Heartbleed bug has been exploited by NSA since it was discovered, say sources

14 Apr 2014

The Heartbleed bug that has only recently made it into mainstream news had been exploited by the US’ National Security Agency (NSA) for more than two years, according to sources within the NSA.

In a report published by Bloomberg, the American government had been using the bug to gather personal data from selected computers and suppressed knowledge of the bug being made public so as to keep up surveillance operations.

However, the NSA followed up the accusations with a brief statement, declaring it was only made aware of Heartbleed at the same times as everyone else, when Finnish cybersecurity company Codenomicon publicised the vulnerability via a report earlier this month.
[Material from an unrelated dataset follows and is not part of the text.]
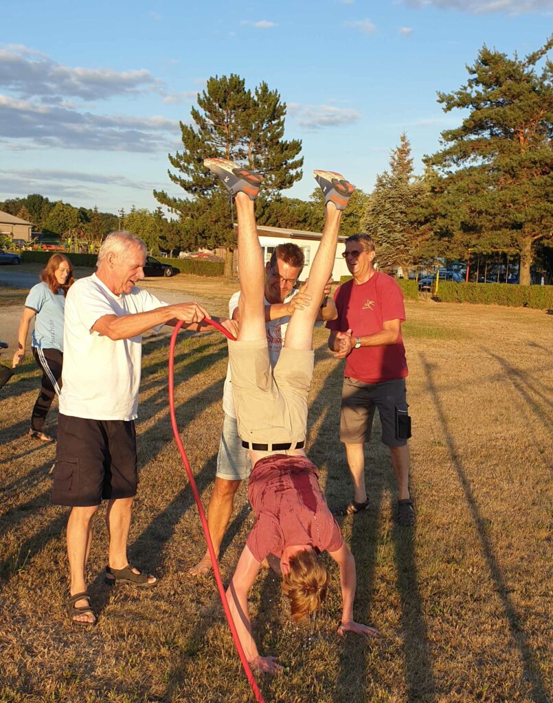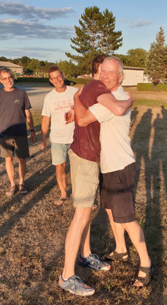 In der Flugausbildung schloss am Sonntag Jonathan den nächsten Ausbildungsabschnitt ab. Nach dem erfolgreichen „B“-Flug gab es am Abend die traditionelle „Gratulation“ mit dem Wasserschlauch. Nass wie er war ließ er es sich nicht nehmen, seinen Fluglehrer Hubertus zu „herzen“.

“Reports that NSA or any other part of the government were aware of the so-called Heartbleed vulnerability before 2014 are wrong … If the federal government, including the intelligence community, had discovered this vulnerability prior to last week, it would have been disclosed to the community responsible for OpenSSL,” said the NSA statement.

The bug is considered one of the biggest security issues found on the internet in recent years, known to affect more than two-thirds of the websites that use the OpenSSL encryption software.

The bug has since been addressed by most of the largest sites on the web, such as Gmail and Yahoo!, but many other smaller websites may still be affected that haven’t installed the required patch.